1. Proportion of subjects with Skeletal related Events [1 year]

   To be determined by the investigator

2. Proportion of subjects with disease progression to Multiple Myeloma [1 year]

   Risk Categories: Low Risk:Patient has SMM, but none of the listed risk factors Low-Intermediate Risk: 1 risk factor is present High-Intermediate Risk: 2 risk factors are present High Risk: 3 risk factors are present Risk Factors: BM plasma cell % ≥50 M-protein ≥ 3g/dL Involved/ un-involved free light chains ≥ 8

3. Proportion of subjects with progression free survival [3 year]

   time to progression or death from any cause, whichever occurs first.

4. Proportion of subjects with change in bone mineral density [1 year]

   baseline and each post-treatment point

Eligibility Criteria

Criteria

Inclusion Criteria:

1. Patient has confirmed SMM according to the definition of the International Myeloma Working Group (IMWG) definition: serum M-protein ≥3 g/dL or BMPC >10% but less than 60%, or both, along with normal organ and marrow function (CRAB) within 4 weeks prior to baseline. C: Absence of hypercalcemia, evidenced by a calcium ≤11 mg/dL. R: Absence of renal failure, evidenced by a creatinine ≤ 2.0mg/dL A: Absence of anemia, evidenced by a hemoglobin ≥10 g/dL.

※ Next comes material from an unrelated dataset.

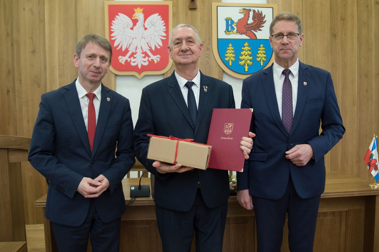 Burmistrz podziękował za współpracę wszystkim osobom zaangażowanym w rozwój miasta i gminy Brusy. Wyrazy wdzięczności skierował m.in. do członków Rady Miejskiej, szczególnie trójki radnych, która kończy wieloletnią pracę w Radzie Miejskiej i nie ubiega się o mandat w najbliższych wyborach. Mowa o Bernadecie Niebrzydowskiej, Andrzeju Wieckim i Zbigniewie Łąckim. Rada Miejska złożyła również podziękowanie na ręce burmistrza.

B: Absence of lytic bone lesions per IMWG recommendations:

One of either PET-CT, low-dose whole-body CT (LDWBCT) or MRI of the whole body or spine. Increased uptake on PET-CT alone is not adequate for the diagnosis of multiple myeloma; evidence of underlying osteolytic bone destruction is needed on the CT portion of the examination.

1. One of the risk factors below that portends for an increased risk of progression to

MM:

• An abnormal free light chain ratio

• M-spike ≥ 4 g/dL

• ≥ 50% bone marrow plasma cells

• Immunoparesis ≥ 20% less than the institutional normal standard of the uninvolved immunoglobulins

1. Serum calcium or albumin-adjusted serum calcium ≥ 2.1 mmol/L (8.4 mg/dL) and ≤ 2.9mmol/L (11.5 mg/dL) (Reference range 8.5-10.8 mg/dL)

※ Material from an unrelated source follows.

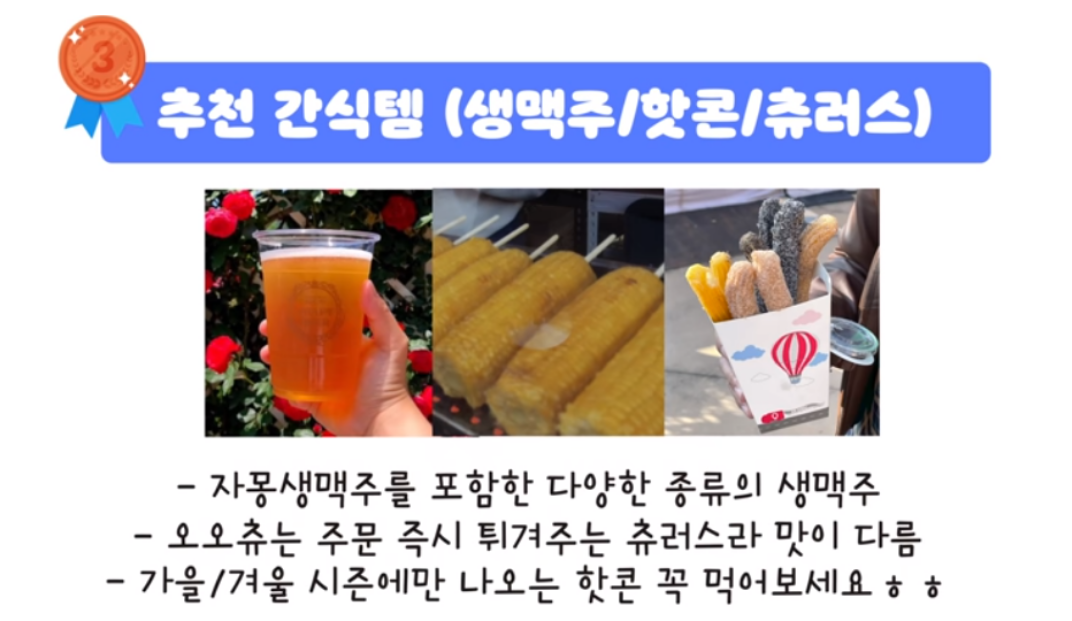 ✅ 특히 에버랜드에 파는 자몽생맥주는 들고 다니면서 시원하게 마실 수 있어서 아이들과 함께 온 부모님들에게 추천하는 간식템입니다. ✅ 그리고 오오츄라는 츄러스 전문점의 츄러스는 다양한 맛이 일품이고 주문 즉시 튀겨주는 곳이라 바삭하게 먹을 수 있다고 합니다.

2. Able to tolerate daily supplementation of calcium and vitamin D

3. Must have a vitamin D level ≥ 30 ng/mL after repletion

4. Participants must have normal organ as defined below:

• Total bilirubin ≤ 2.0 x institutional upper limit of normal (ULN); patients diagnosed with Gilbert's syndrome can enroll with a total bilirubin > 2 after review of the principal investigator

• AST(SGOT) ≤2.5 × institutional ULN

• ALT(SGPT) ≤2.5 × institutional ULN

1. Age ≥ 18 years.

2. ECOG PS ≤1

3. Life expectancy greater than 12 months

4. Subjects with reproductive potential must be willing to use, in combination with his/her partner, 2 highly effective methods of effective contraception or practice sexual abstinence throughout the study and continue for 5 months after the study duration. Subjects who are surgically sterile (e.g. history of bilateral tubal ligation, hysterectomy) or whose sexual partner is sterile (e.g. history of vasectomy) are not required to use additional contraceptive measures.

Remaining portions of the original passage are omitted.